• [Exercise requirements]:
Stop at the line that contains "Ο δρόμος στο". Until then, set down each line of the records exactly, beginning with the first, and skip pictures.

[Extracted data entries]
#####

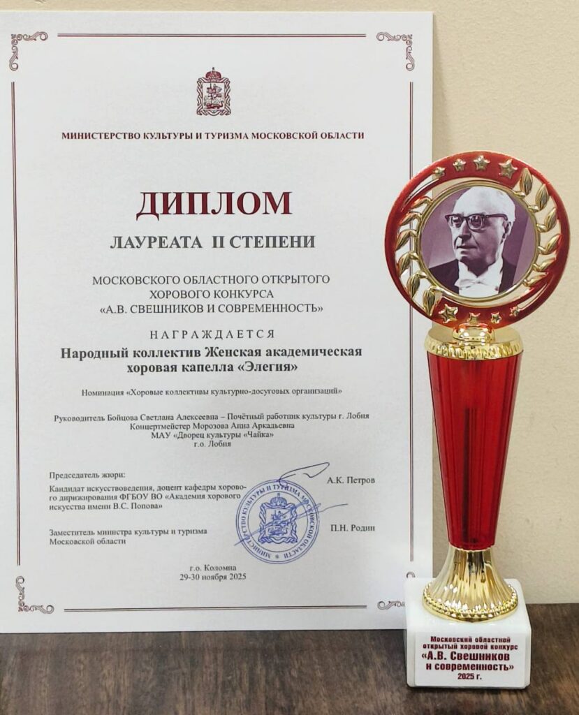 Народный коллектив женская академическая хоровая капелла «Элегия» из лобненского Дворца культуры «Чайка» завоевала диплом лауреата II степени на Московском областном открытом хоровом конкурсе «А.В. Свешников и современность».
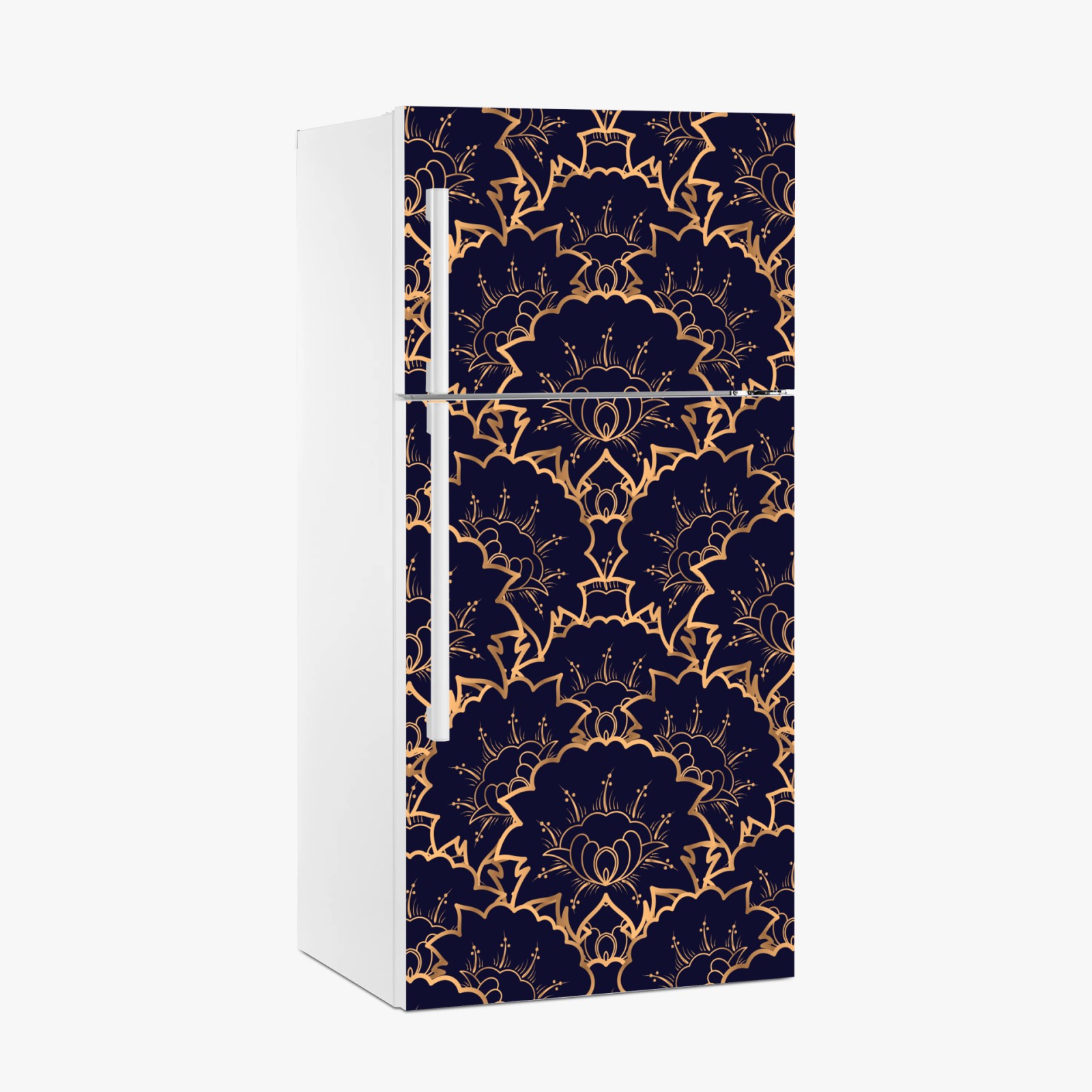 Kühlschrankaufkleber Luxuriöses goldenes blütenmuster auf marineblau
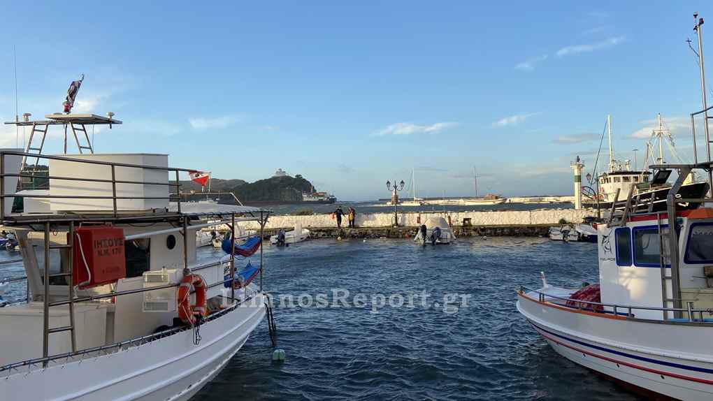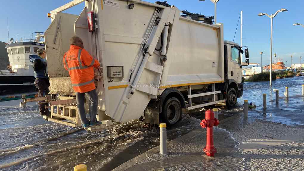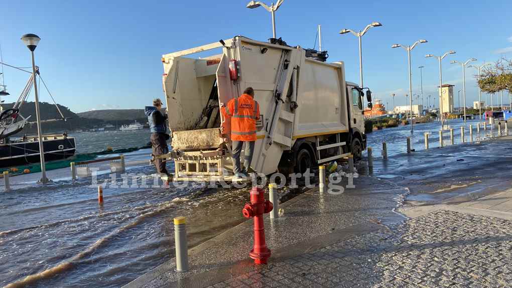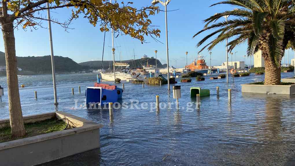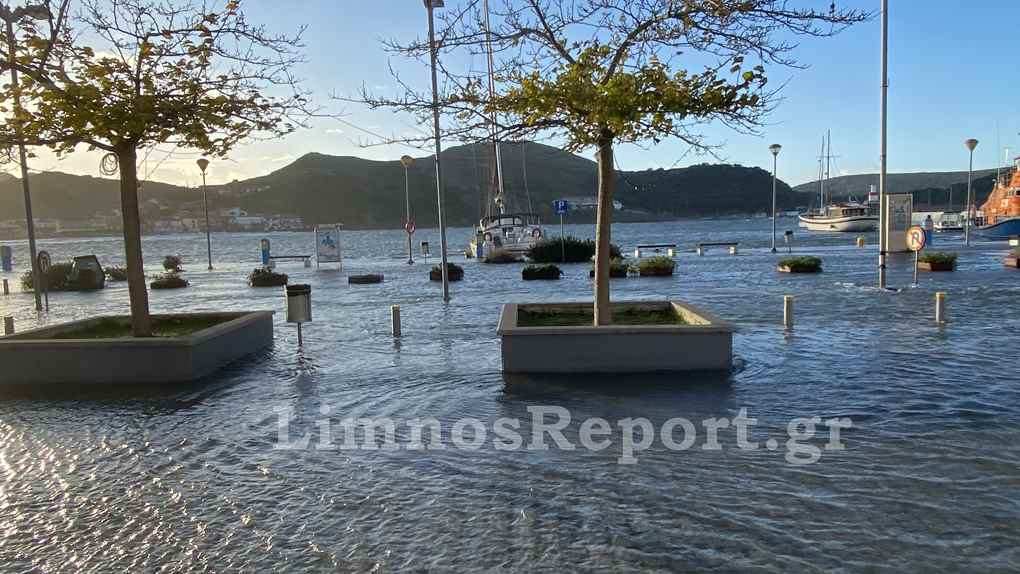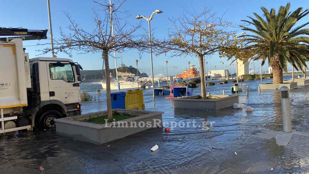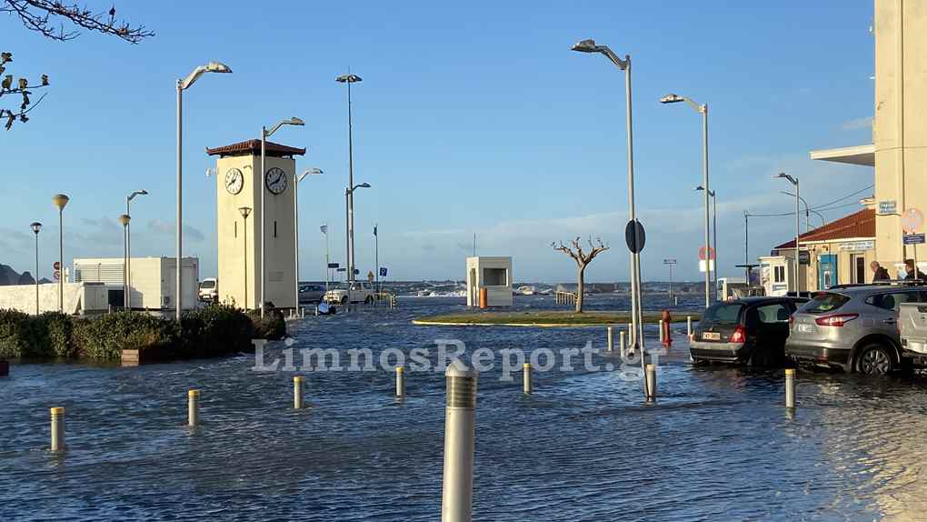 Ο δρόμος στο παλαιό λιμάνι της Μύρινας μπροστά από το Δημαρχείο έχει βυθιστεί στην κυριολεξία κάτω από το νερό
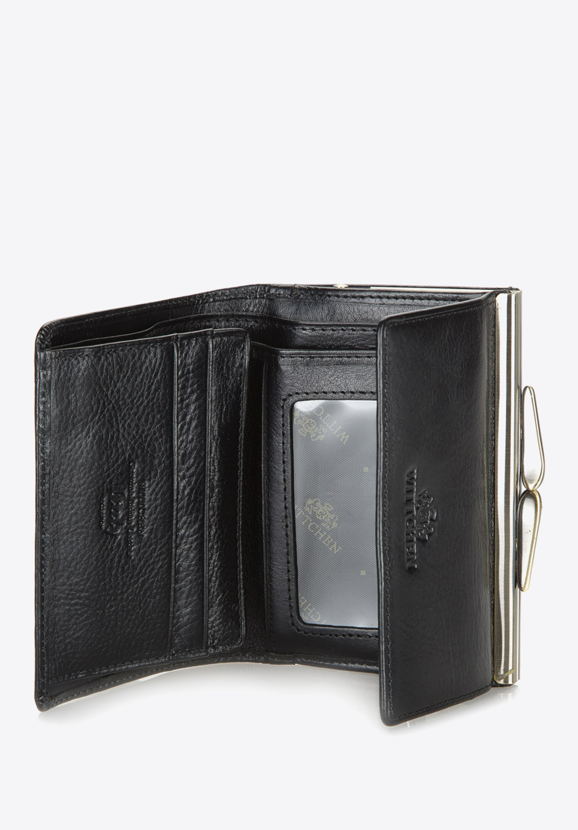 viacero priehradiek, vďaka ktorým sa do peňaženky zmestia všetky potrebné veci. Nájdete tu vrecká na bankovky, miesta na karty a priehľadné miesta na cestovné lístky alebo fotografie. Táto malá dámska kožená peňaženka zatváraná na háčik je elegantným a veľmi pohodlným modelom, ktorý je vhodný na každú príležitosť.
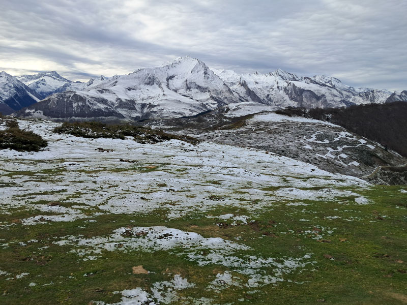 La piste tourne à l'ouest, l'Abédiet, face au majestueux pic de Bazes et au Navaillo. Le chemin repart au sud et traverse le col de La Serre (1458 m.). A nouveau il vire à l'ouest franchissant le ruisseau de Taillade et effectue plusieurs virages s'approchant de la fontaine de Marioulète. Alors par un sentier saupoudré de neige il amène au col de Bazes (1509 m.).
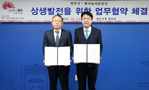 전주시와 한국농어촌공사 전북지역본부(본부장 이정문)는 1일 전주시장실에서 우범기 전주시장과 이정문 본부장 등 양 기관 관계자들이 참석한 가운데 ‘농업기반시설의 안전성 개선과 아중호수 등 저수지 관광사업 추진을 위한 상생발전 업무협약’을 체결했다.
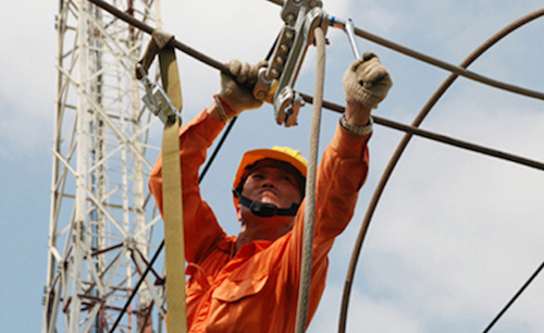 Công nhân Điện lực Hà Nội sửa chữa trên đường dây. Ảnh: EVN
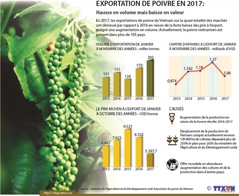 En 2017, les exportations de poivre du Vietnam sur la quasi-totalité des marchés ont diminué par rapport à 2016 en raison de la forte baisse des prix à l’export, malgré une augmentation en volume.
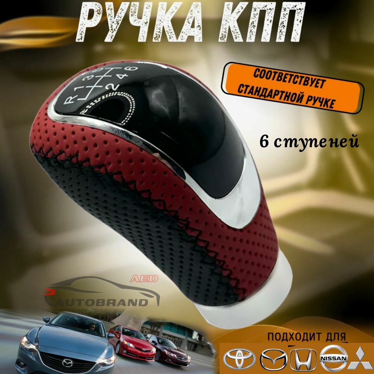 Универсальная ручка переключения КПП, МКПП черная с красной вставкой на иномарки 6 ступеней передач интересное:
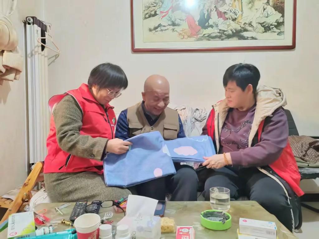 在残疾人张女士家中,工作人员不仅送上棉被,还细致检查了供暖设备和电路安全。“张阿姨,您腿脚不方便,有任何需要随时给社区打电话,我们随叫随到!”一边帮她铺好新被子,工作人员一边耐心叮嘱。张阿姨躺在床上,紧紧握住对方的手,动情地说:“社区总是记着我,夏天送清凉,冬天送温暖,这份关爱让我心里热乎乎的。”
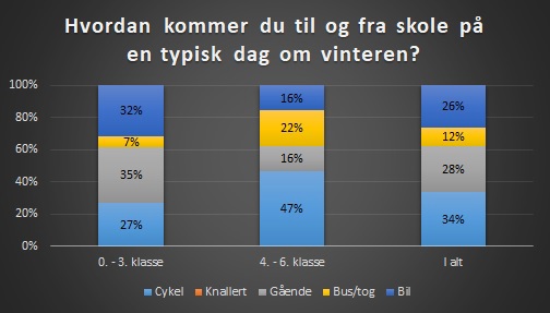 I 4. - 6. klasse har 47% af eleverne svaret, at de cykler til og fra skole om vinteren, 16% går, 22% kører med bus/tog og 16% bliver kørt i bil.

#####

• [Answer for this exercise]:
 Народный коллектив женская академическая хоровая капелла «Элегия» из лобненского Дворца культуры «Чайка» завоевала диплом лауреата II степени на Московском областном открытом хоровом конкурсе «А.В. Свешников и современность».
 Kühlschrankaufkleber Luxuriöses goldenes blütenmuster auf marineblau
 Ο δρόμος στο παλαιό λιμάνι της Μύρινας μπροστά από το Δημαρχείο έχει βυθιστεί στην κυριολεξία κάτω από το νερό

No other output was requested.